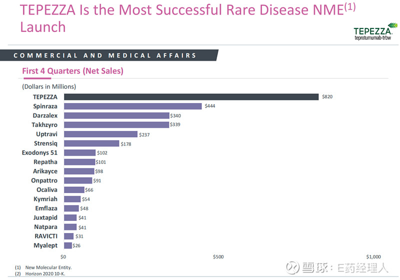 通过并购,Horizon获得了其最有潜力的重磅产品Tepezza,以及一系列罕见病产品,并开启了商业化。随着规模扩张,Horizon将公司名称从Horizon Pharma修改为Horizon Therapeutics。
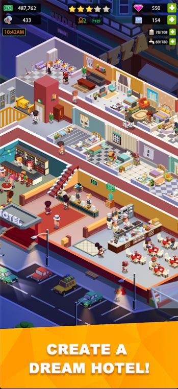 2、游戏中玩家可以自由地设计自己的酒店,扩大规模,提升酒店星级;
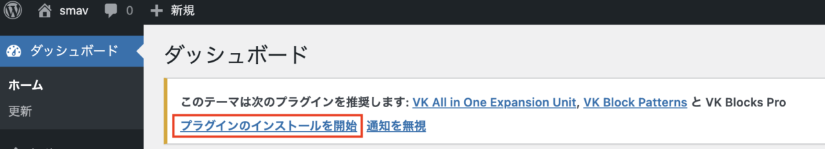 3つの推奨プラグインのインストールを促すメッセージが管理画面に表示されます。メッセージに従ってインストール・有効化してください。
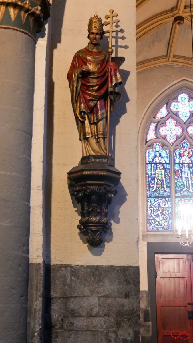 Er hangen verschillende beelden aan muren en pilaren. Een daarvan is van Sint-Gregorius de Grote, paus tussen 590 en 604. Zijn naam leeft voort in de gregoriaanse muziek. Het gaat dan niet om de muziekstijl, maar om regels waaraan religieuze muziek moest voldoen en de manier van noteren.
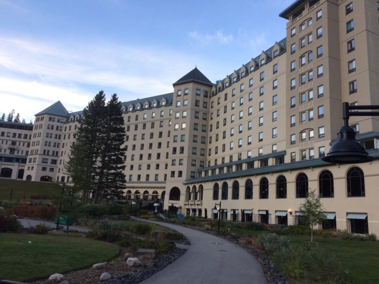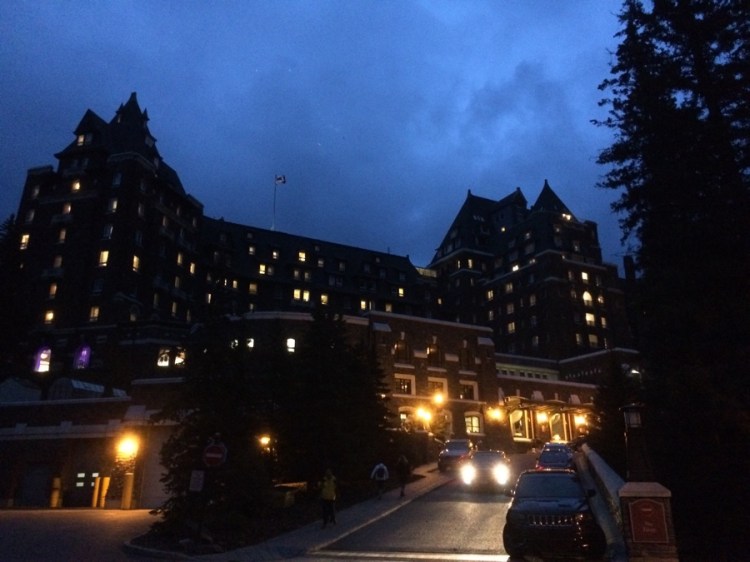 Im Fairmont Hotel am Lake Louise (erbaut 1894) haben wir keinen Drink ergattert, wir konnten nur Internet schnorren. Aber im Banff Springs Hotel saßen wir dann an der Bar und genossen die Atmosphäre des Gebäudes von 1928 im schottischen Burgenstil.
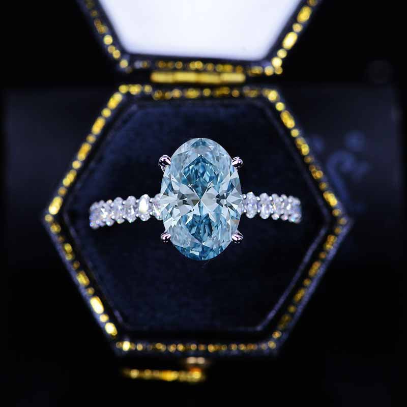 The default design option features approximately 2.5+ Carat Oval Cut 12x8mm Lab-Grown Diamond Center Stone Fancy Vivid Blue Color, VVS1-Clarity, VG-Cut, Ex-Polish, VG-Symmetry with 0.5 CTW D Accents
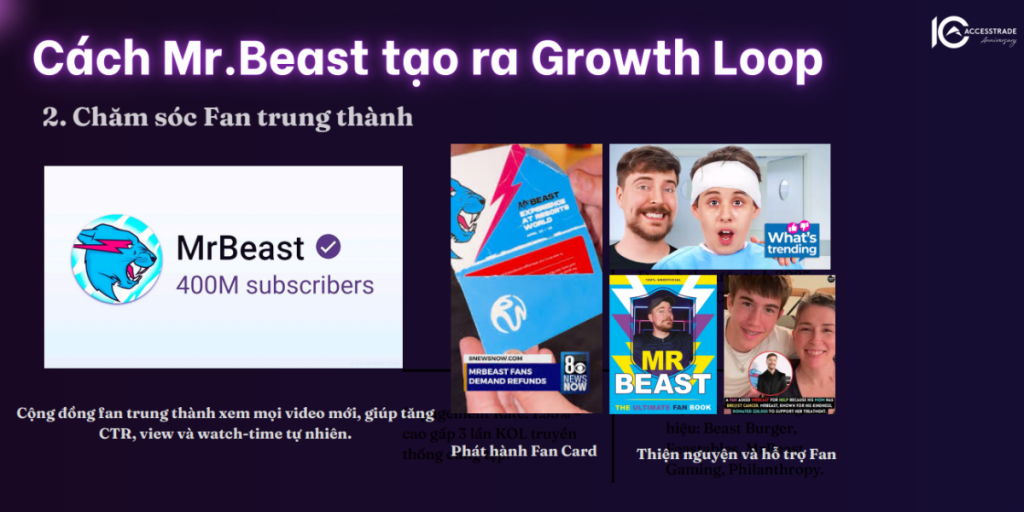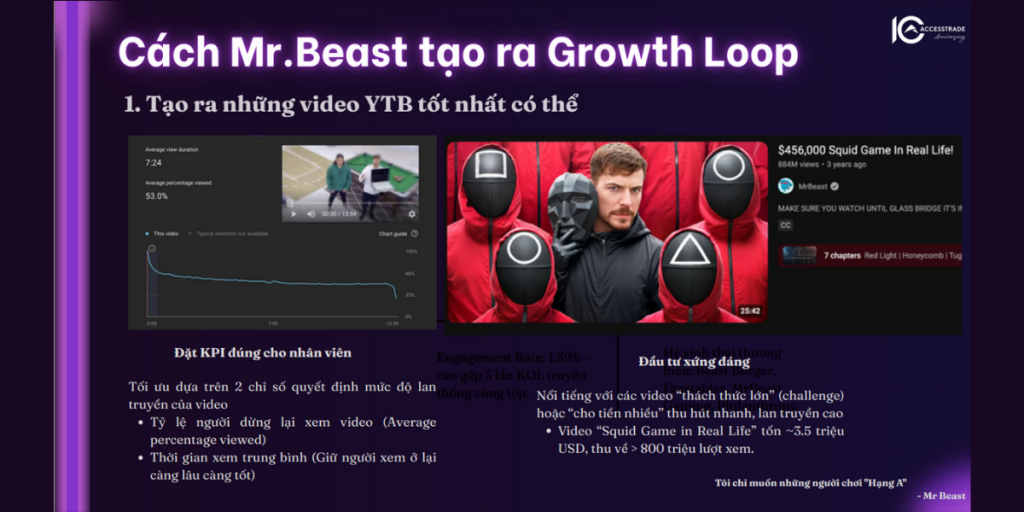Trong thế giới sáng tạo nội dung, MrBeast được xem là biểu tượng của tăng trưởng bền vững – không chỉ nhờ video triệu view mà nhờ một “vòng lặp” tinh vi giúp anh càng làm càng mạnh. ACCESSTRADE, sau hơn một thập kỷ quan sát và đồng hành cùng 2,8 triệu Publisher, đã nghiên cứu và đúc kết mô hình này thành “Growth Loops”. Bài viết dưới đây phân tích cách MrBeast vận hành vòng lặp thành công, và lý giải vì sao đây chính là hướng đi Creator Việt cần.
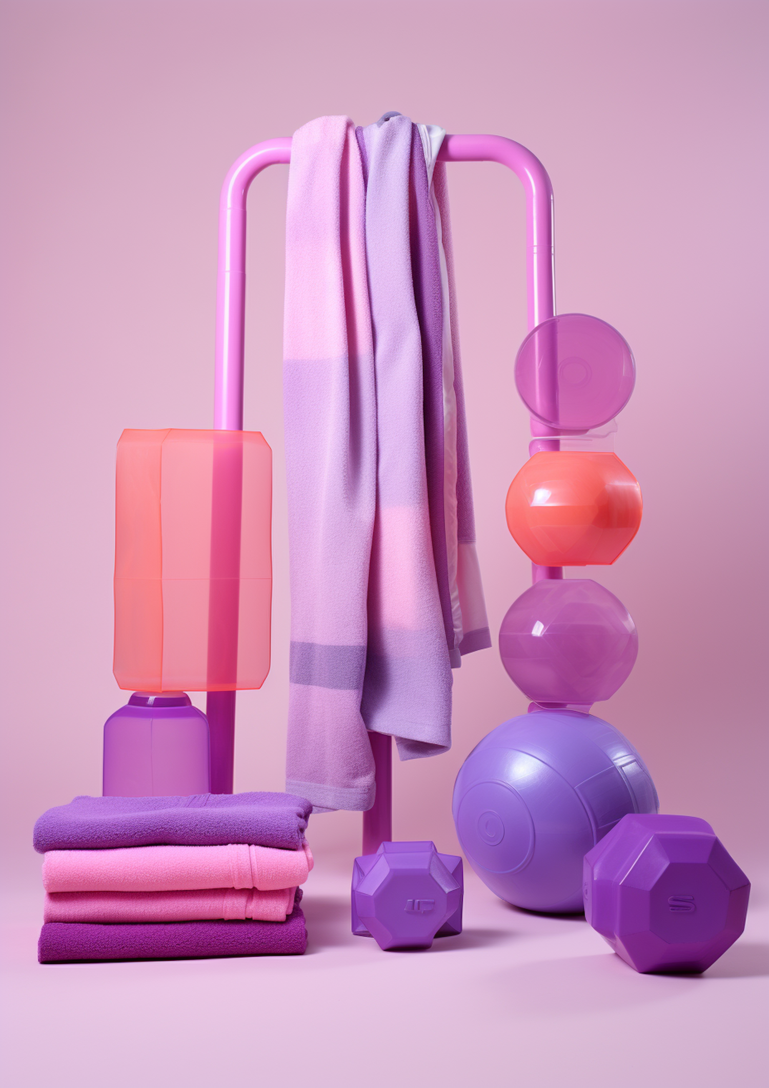 Pastel fitness gear with pink and purple towels, weights, and exercise ball on a pink background. Stylish and calming setup.
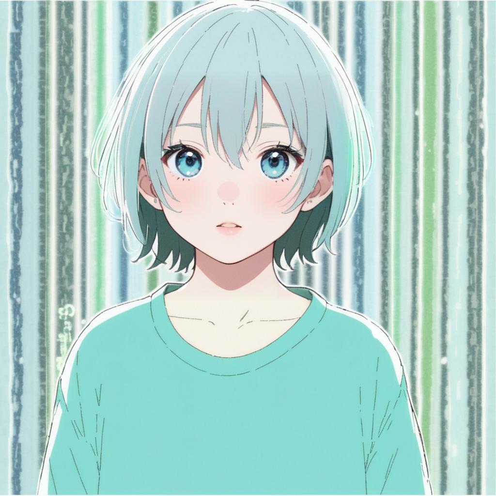 Close-up digital illustration of an anime-style girl with short aqua green hair and large vibrant blue eyes. She wears a light grey jacket with a bright aqua collar over a polka-dot patterned top. The background features a colorful pattern of varying circles in blue, green, black, and grey hues, complementing the character's hair and eyes.
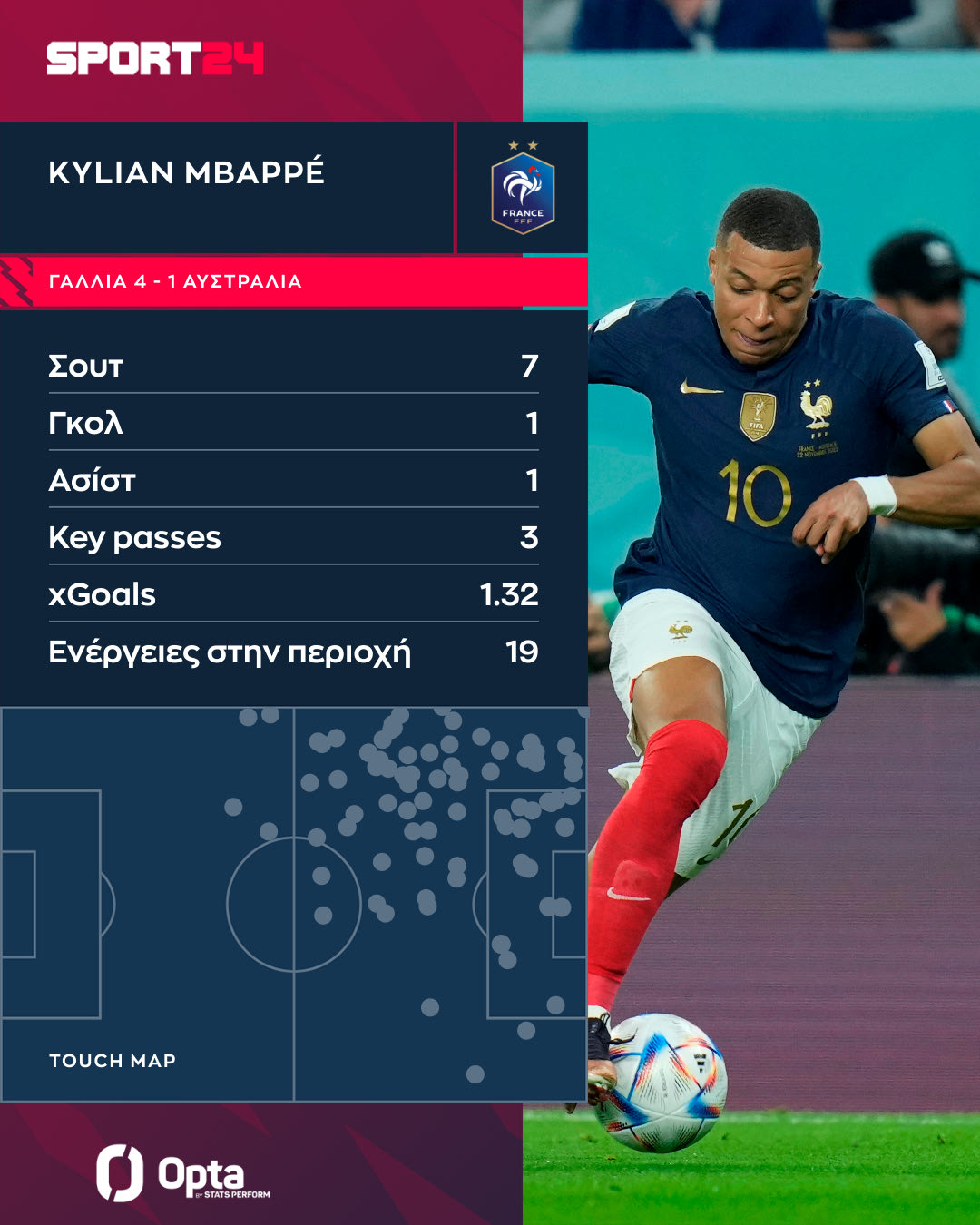 Μουντιάλ 2022, Γαλλία: Ο εξωπραγματικός Εμπαπέ έχει πατήσει μόνος τους στην περιοχή περισσότερο από εννιά ομάδες του τουρνουά
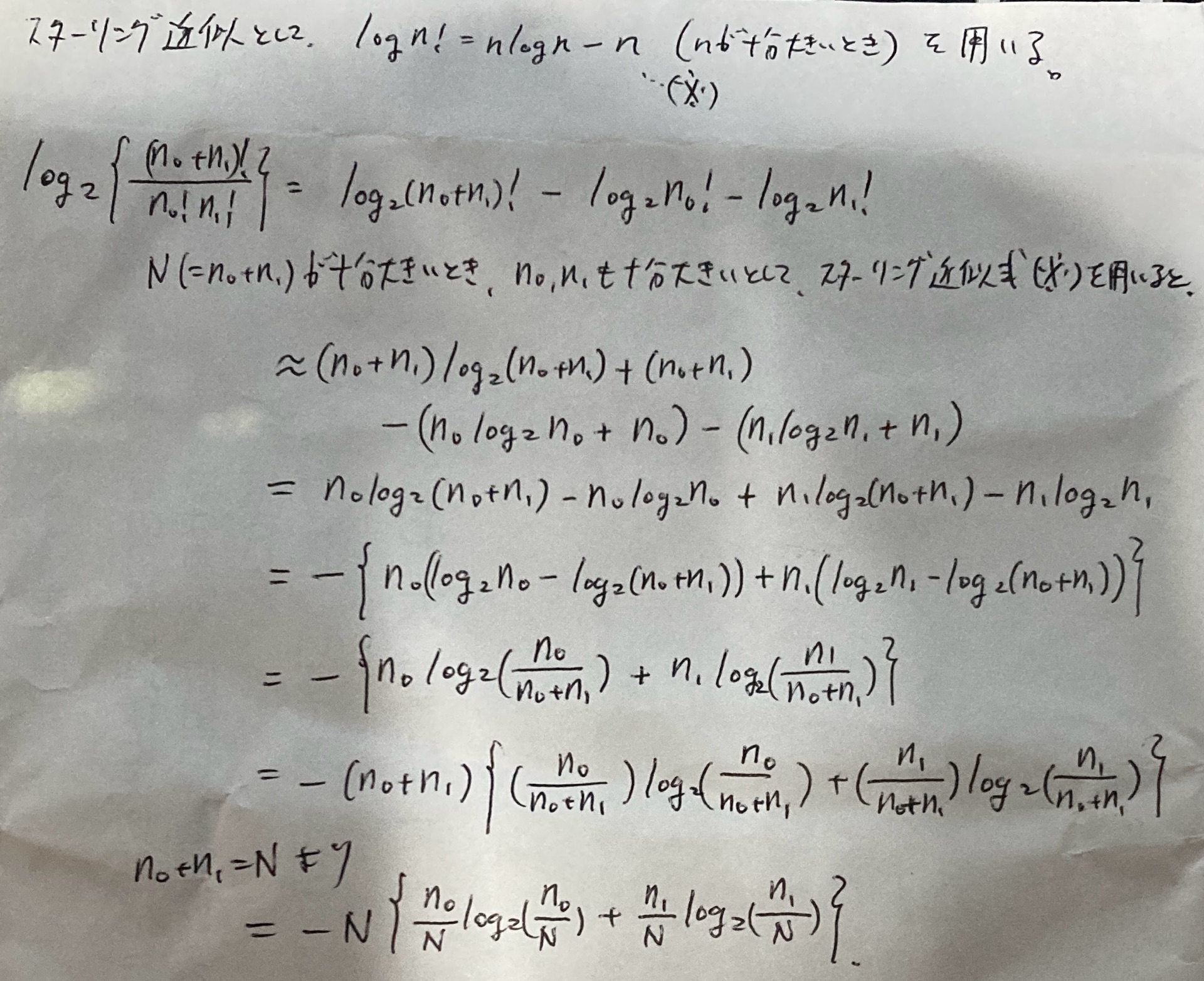 - yh@yh2026年3月22日少し読んだ古本@ 自宅第2章から読み進む。 p.84:”ある無限数列が不条理であるとは、すべての項をもれなく書き写すよりも手っとり早い定義が存在しないということ” p.85の最初の式は、組み合わせの数の式(Excel関数ならCOMBIN(N,n0)の式(=PERMIT(N,n0)/FACT(n0)) )を記述しているだけ。 p.85の次の式は、よく分からなかったのでちょっと調べてみたら、スターリング近似というのがあるらしく、これを使って式変形したら導出できた。
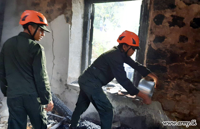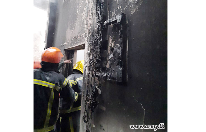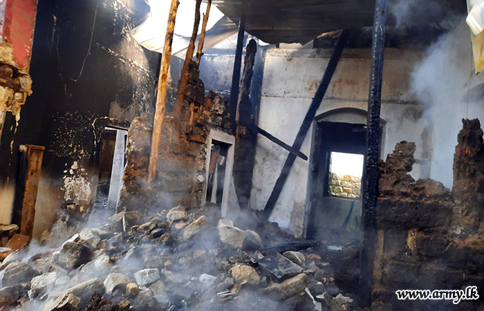 A platoon of troops from 3 (V) Sri Lanka Sinha Regiment took immediate action and doused the fire under the supervision of their Commanding Officer, 3 (V) SLSR.
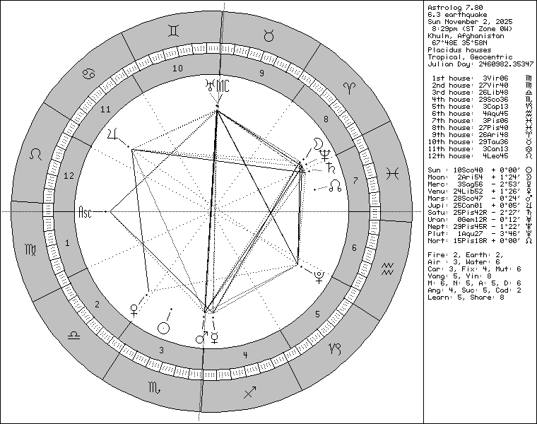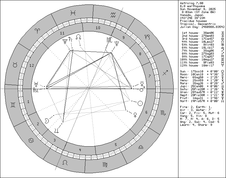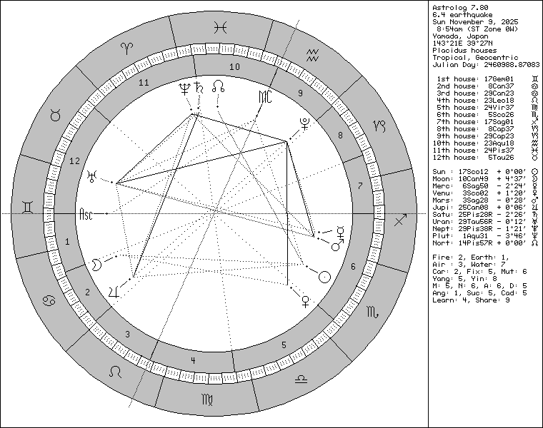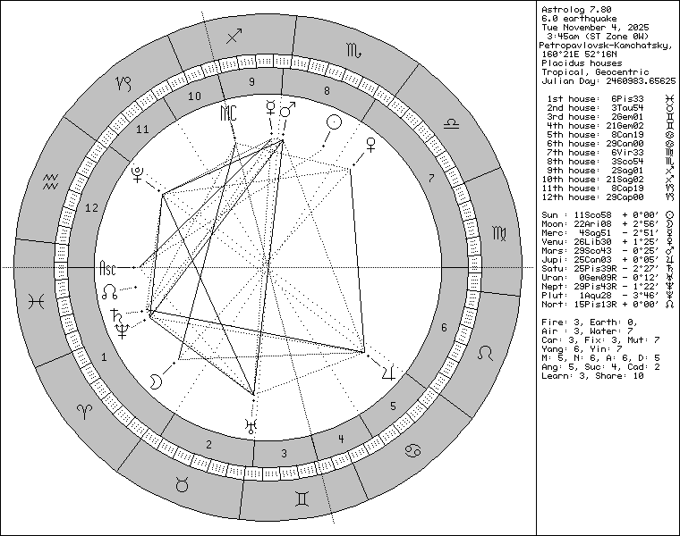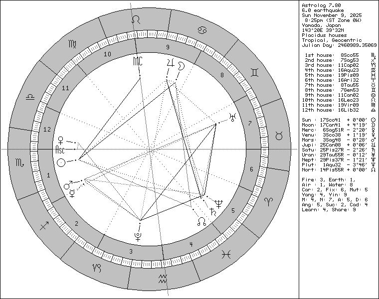 Earthquake predictive Sun/Moon chart criteria as of November 1, 2025:

ABOUT THIS EXERCISE >> Word for word, give the data above again, without any images.

FINAL ANSWER >>
 通过并购,Horizon获得了其最有潜力的重磅产品Tepezza,以及一系列罕见病产品,并开启了商业化。随着规模扩张,Horizon将公司名称从Horizon Pharma修改为Horizon Therapeutics。
 2、游戏中玩家可以自由地设计自己的酒店,扩大规模,提升酒店星级;
 3つの推奨プラグインのインストールを促すメッセージが管理画面に表示されます。メッセージに従ってインストール・有効化してください。
 Er hangen verschillende beelden aan muren en pilaren. Een daarvan is van Sint-Gregorius de Grote, paus tussen 590 en 604. Zijn naam leeft voort in de gregoriaanse muziek. Het gaat dan niet om de muziekstijl, maar om regels waaraan religieuze muziek moest voldoen en de manier van noteren.
 Im Fairmont Hotel am Lake Louise (erbaut 1894) haben wir keinen Drink ergattert, wir konnten nur Internet schnorren. Aber im Banff Springs Hotel saßen wir dann an der Bar und genossen die Atmosphäre des Gebäudes von 1928 im schottischen Burgenstil.
 The default design option features approximately 2.5+ Carat Oval Cut 12x8mm Lab-Grown Diamond Center Stone Fancy Vivid Blue Color, VVS1-Clarity, VG-Cut, Ex-Polish, VG-Symmetry with 0.5 CTW D Accents
Trong thế giới sáng tạo nội dung, MrBeast được xem là biểu tượng của tăng trưởng bền vững – không chỉ nhờ video triệu view mà nhờ một “vòng lặp” tinh vi giúp anh càng làm càng mạnh. ACCESSTRADE, sau hơn một thập kỷ quan sát và đồng hành cùng 2,8 triệu Publisher, đã nghiên cứu và đúc kết mô hình này thành “Growth Loops”. Bài viết dưới đây phân tích cách MrBeast vận hành vòng lặp thành công, và lý giải vì sao đây chính là hướng đi Creator Việt cần.
 Pastel fitness gear with pink and purple towels, weights, and exercise ball on a pink background. Stylish and calming setup.
 Close-up digital illustration of an anime-style girl with short aqua green hair and large vibrant blue eyes. She wears a light grey jacket with a bright aqua collar over a polka-dot patterned top. The background features a colorful pattern of varying circles in blue, green, black, and grey hues, complementing the character's hair and eyes.
 Μουντιάλ 2022, Γαλλία: Ο εξωπραγματικός Εμπαπέ έχει πατήσει μόνος τους στην περιοχή περισσότερο από εννιά ομάδες του τουρνουά
 - yh@yh2026年3月22日少し読んだ古本@ 自宅第2章から読み進む。 p.84:”ある無限数列が不条理であるとは、すべての項をもれなく書き写すよりも手っとり早い定義が存在しないということ” p.85の最初の式は、組み合わせの数の式(Excel関数ならCOMBIN(N,n0)の式(=PERMIT(N,n0)/FACT(n0)) )を記述しているだけ。 p.85の次の式は、よく分からなかったのでちょっと調べてみたら、スターリング近似というのがあるらしく、これを使って式変形したら導出できた。
 A platoon of troops from 3 (V) Sri Lanka Sinha Regiment took immediate action and doused the fire under the supervision of their Commanding Officer, 3 (V) SLSR.
 Earthquake predictive Sun/Moon chart criteria as of November 1, 2025:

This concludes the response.